In other words, while field names starting with digits may work in practice, they are not officially supported by Solr and could lead to compatibility issues in the future.

Given that this behavior has existed for years, it is unlikely to cause immediate problems. Still, it is an important constraint to keep in mind when defining metadata fields, and it would be helpful for the Dataverse documentation to clarify this nuance explicitly.

view this post on Zulip Philip Durbin 🚀 (Jan 16 2026 at 12:09):

Huh. Interesting. @Julian Gautier, what do you think?

view this post on Zulip Julian Gautier (Jan 16 2026 at 14:05):

Hey @Balázs Pataki and @Philip Durbin 🚀.

I see in the Metadata Customization page's #datasetField (field) properties table that someone used that text you pointed to, @Balázs Pataki, from https://solr.apache.org/guide/solr/latest/indexing-guide/fields.html, when describing the allowed values and restrictions of the database names of metadata fields.

Since it sounds like the database names of metadata blocks and the database names of metadata fields should not start with digits for the same reason, maybe we should adjust the text in the allowed values and restrictions of the metadata block "name" property so it's similar to text in the allowed values and restrictions of the dataset field "name" property.

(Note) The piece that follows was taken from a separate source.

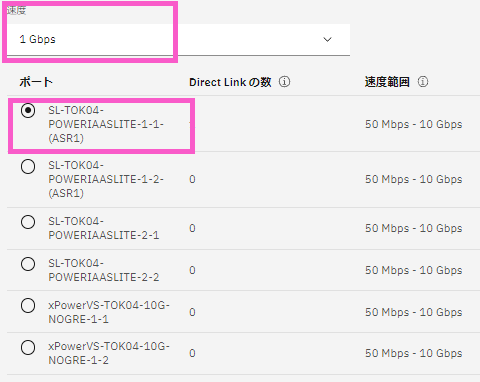 速度は、50Mbps~10Gbps まで8種類から選択可能です。どの速度でも金額は変わりません。IBM推奨は1Gbps以上です。

Do you think that would be helpful?

I don't have enough experience with Solr to guess how problematic database field names that start with digits might be in the future, either for the database names of metadata blocks or of metadata fields.

Do y'all think we should fix this and any other database names of metadata block fields and dataset fields that start with numbers?

I think that the folks who designed the 3D metadata block just didn't see that the guides say that these database names should start with letters.

I do remember being worried about the process we used to design and add this 3D Objects metadata block. We didn't have the time to test it as I had planned, and we were asked to include it like we include the other "Supported Metadata" instead of adding it as "Experimental Metadata", which to be fair I think has it's own challenges.

view this post on Zulip Balázs Pataki (Jan 16 2026 at 14:19):

From a pragmatic point of view, I think we should stick to “not starting with a digit,” since practically no mainstream programming languages allow symbol names that begin with digits. And there are probably good reasons for that.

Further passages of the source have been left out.